# IP array to IP range

• ### Question

• Hi guys

Learning Poweshell and stuck at which seems to be an easy task, but wrecking my brain on it for some time...

I have a list of IP addresses in an array \$ipArray. I need to go through this list and return IP addresses grouped in IP range (if they can be grouped) or just plain IP.

Something like this:

 10.18.130.136 10.18.130.137 10.2.110.167 10.18.130.138 10.2.110.170 10.18.130.139

OUTPUT:

10.18.130.136 - 10.18.130.139
10.2.110.167
10.2.110.170

Tuesday, September 2, 2014 7:52 AM

### Answers

• I find that anytime I want to compare IPv4 addresses, it's easier to convert them to their 32-bit numeric representations first. For some silly reason, the IPAddress.Address property gives this to you in Little-Endian byte order, which is worthless for doing any sort of IP math, so I use a pair of utility functions to perform conversions to and from UInt32 values in the proper byte order:

```function IPv4ToUInt32([ipaddress]\$IPAddress)
{
if (\$IPAddress.AddressFamily -ne [System.Net.Sockets.AddressFamily]::InterNetwork) { throw "\$(\$IPAddress.IPAddressToString) is not an IPv4 address." }

\$bytes = \$IPAddress.GetAddressBytes()
if ([BitConverter]::IsLittleEndian) { [Array]::Reverse(\$bytes) }
return [BitConverter]::ToUInt32(\$bytes, 0)
}

function UInt32ToIPv4([UInt32] \$Value)
{
\$bytes = [BitConverter]::GetBytes(\$Value)
if ([BitConverter]::IsLittleEndian) { [Array]::Reverse(\$bytes) }
return New-Object ipaddress(,\$bytes)
}
```

With those out of the way, your problem can be solved with these general steps:

1. Convert the list of IPs to their 32-bit numeric values.
2. Sort the array.
3. Enumerate the array, looking for consecutive values.
4. Convert the numbers back into their IPAddress / string representations for output.
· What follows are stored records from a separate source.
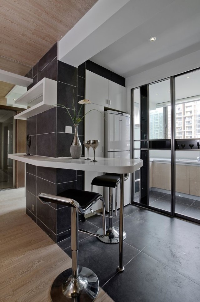 首先,设计师对房屋的结构做了一些改造,去除了部分墙体,使整个空间看起来更为连贯开阔,同时运用改造出来的空间巧妙布局,进门处除了必须的鞋柜以外,设计师更是沿着墙的转角勾划出一个简单的吧台,门厅与餐厅之间的过渡一下子生动起来。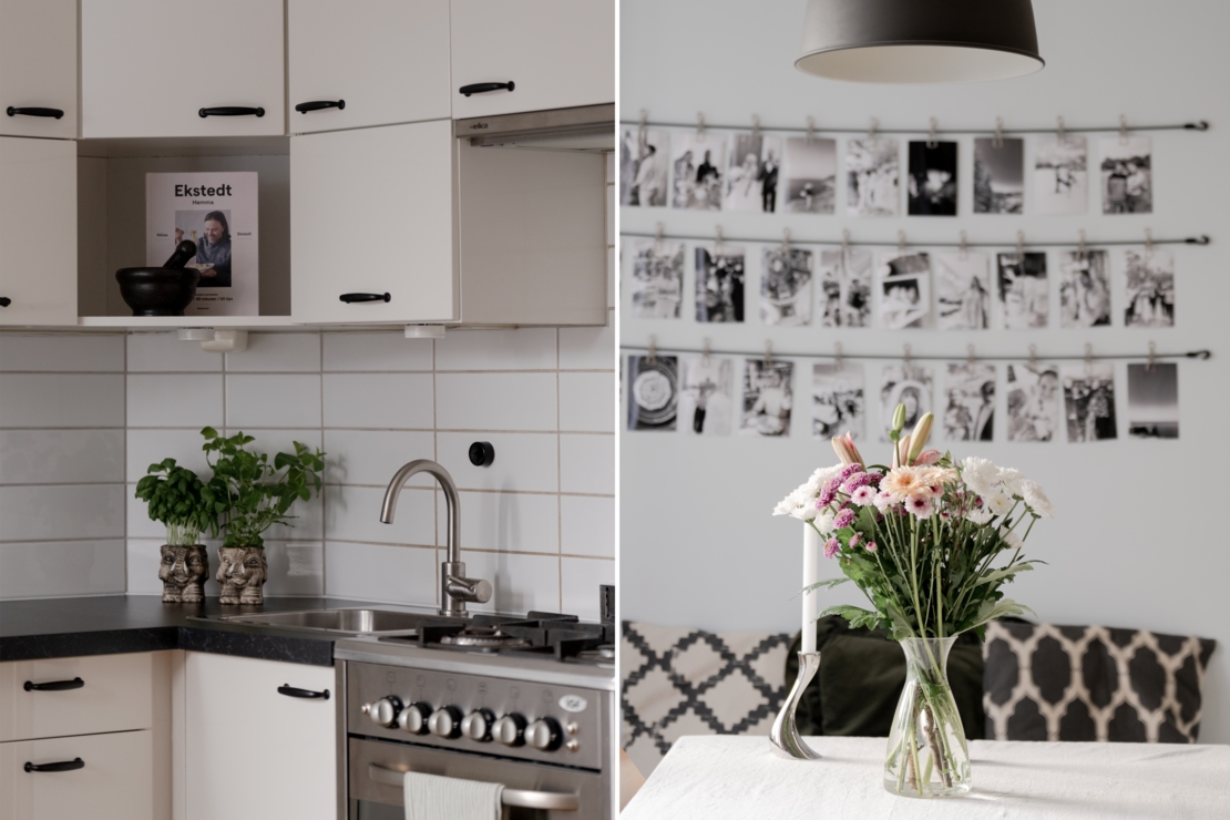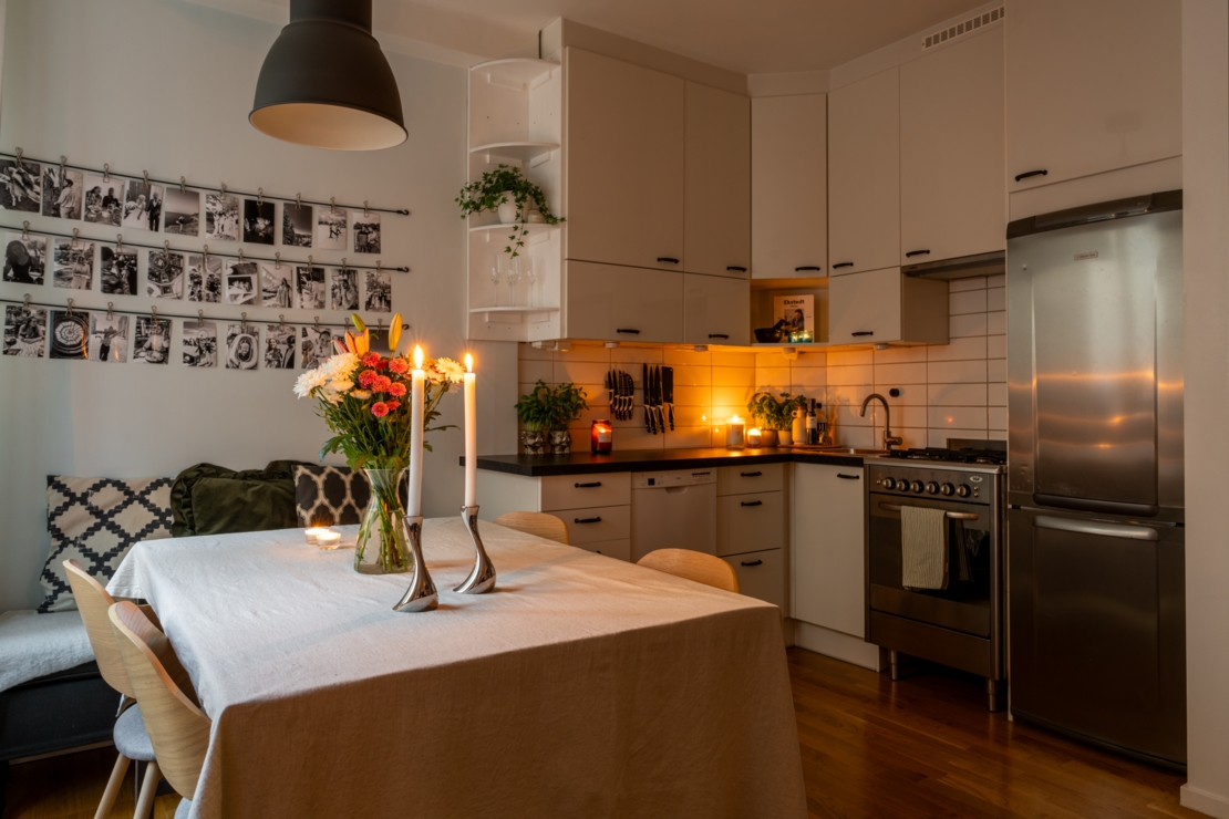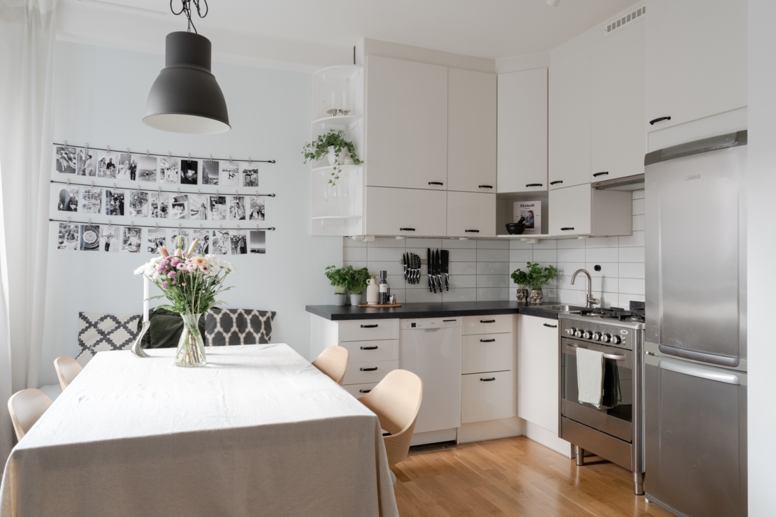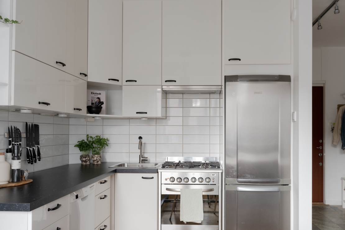 Stilrent kök med ljusa skåpluckor och mörk arbetsbänk. Köket är maskinellt utrustat med spis, ugn, fläkt, diskmaskin samt kyl/frys. Öppen planlösning mot vardagsrummet.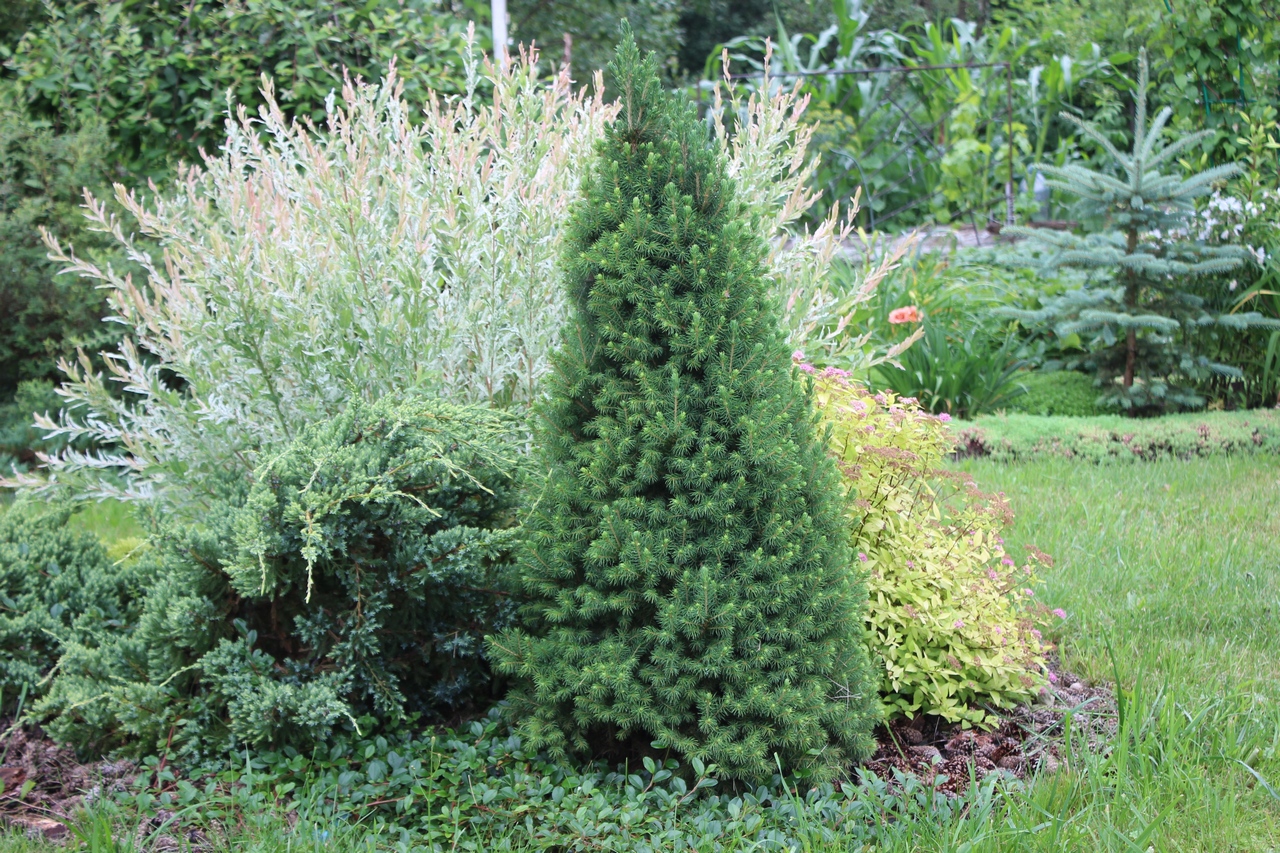 У елей поверхностная корневая система, и корни уходят очень далеко в стороны, по крайней мере, у высоко- и среднерослых сортов. Поэтому сажать рододендроны близко от елей - плохая идея, ели будут угнетать рододендроны. А вот соседство сосен или туй для рододендронов - хорошо, т.к. и у тех и у других корни не расползаются в стороны. У большинства видов можжевельников корни тоже сильно идут в стороны на небольшой глубине.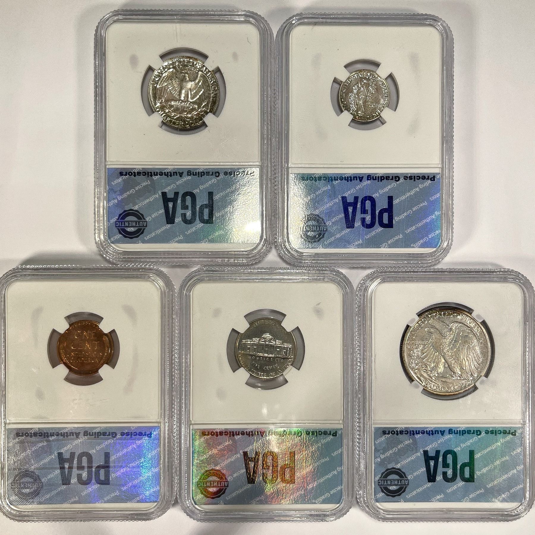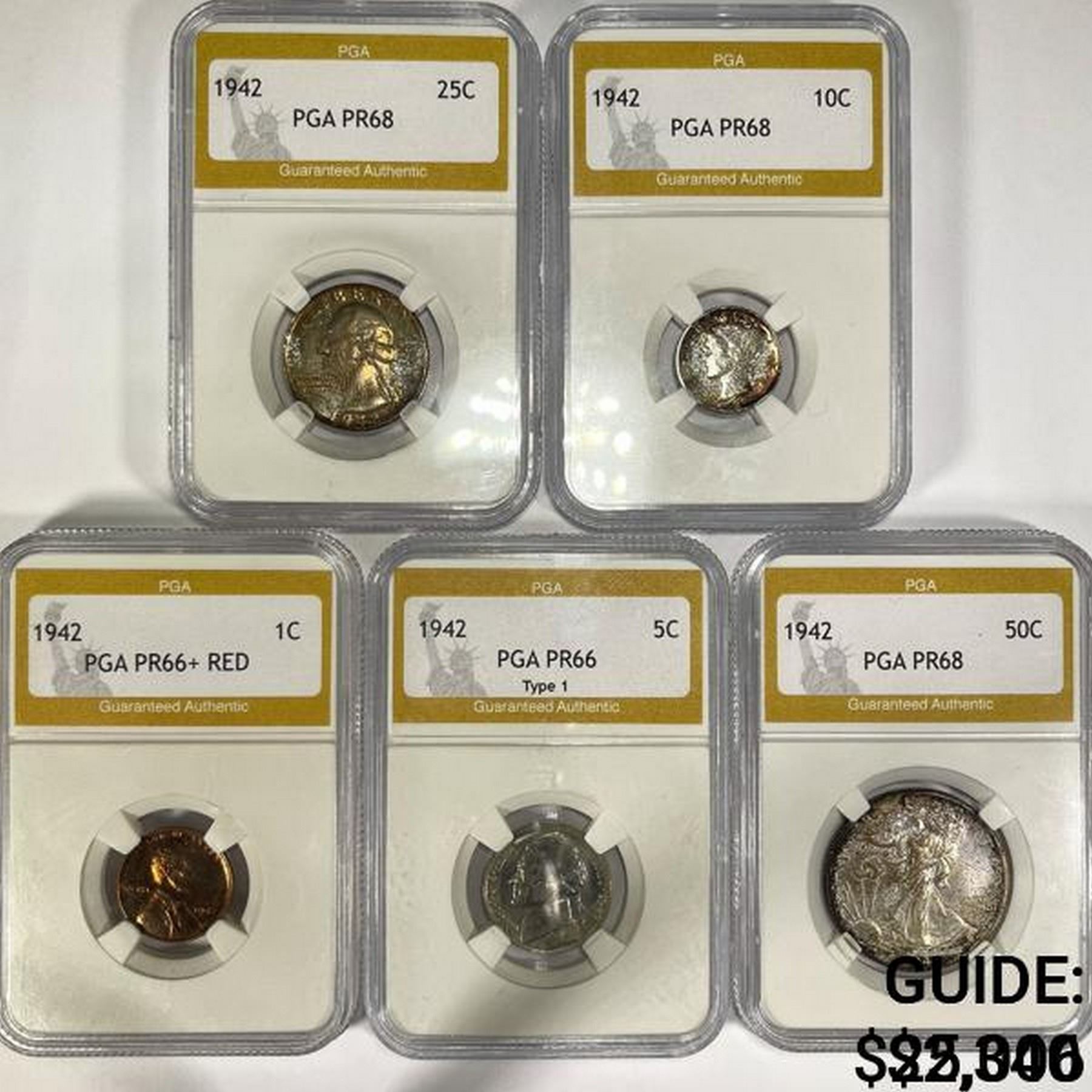1942 Proof Set (5) 1C, 5C, 10C, 25C, & 50C PGA PR

Something along these lines should work.  (I won't paste in the two functions again, but they do need to be present at the beginning of the script.)

```# This function takes a sorted list of UInt32 values and converts them either to
# a single IP address (if the list contains one value) or a Range string of
# First - Last.  All UInt32 values are converted back into dotted-decimal IPv4
# strings during this process.

function Write-IPRange([UInt32[]] \$UInt32)
{
if (\$null -eq \$UInt32 -or \$UInt32.Count -eq 0) { return }

\$string = (UInt32ToIPv4 -Value \$UInt32[0]).IPAddressToString
if (\$UInt32.Count -gt 1)
{
\$string += ' - ' + (UInt32ToIPv4 -Value \$UInt32[-1]).IPAddressToString
}

return \$string
}

# Sample data.

\$string = @'
10.18.130.136
10.18.130.137
10.2.110.167

10.18.130.138
10.2.110.170
10.18.130.139
'@

# This line converts the text list into an array.  Each line is treated as a single IP, and any
# unwanted whitespace or blank lines is removed.  In the actual script, you may not need this step,
# if the function accepts an array of strings or [ipaddress] objects already.
\$IPList = \$string -split '\r?\n' -replace '^\s+|\s+\$' -match '\S'

# Now we convert the IPList string array into an array of UInt32 values, and sort it.
# Note:  IPv4ToUInt32 could be modified to accept pipeline input, removing the need
# for ForEach-Object here.
\$ipNumbers = @(\$IPList | ForEach-Object { IPv4ToUInt32 -IPAddress \$_ } | Sort-Object)

# Now we enumerate the array, looking for consecutive values.
\$range = @()

for (\$i = 0; \$i -lt \$ipNumbers.Count; \$i++)
{
if (\$range.Count -gt 0 -and \$ipNumbers[\$i] -ne \$range[-1] + 1)
{
Write-IPRange -UInt32 \$range
\$range = @()
}

\$range += \$ipNumbers[\$i]
}

# We need to make one final call to Write-IPRange to deal with the final value(s) in the array:
Write-IPRange -UInt32 \$range
```

Note:  \$array[-1] is PowerShell shorthand for accessing the last element in an array.  It means the same thing as \$array[\$array.Count - 1]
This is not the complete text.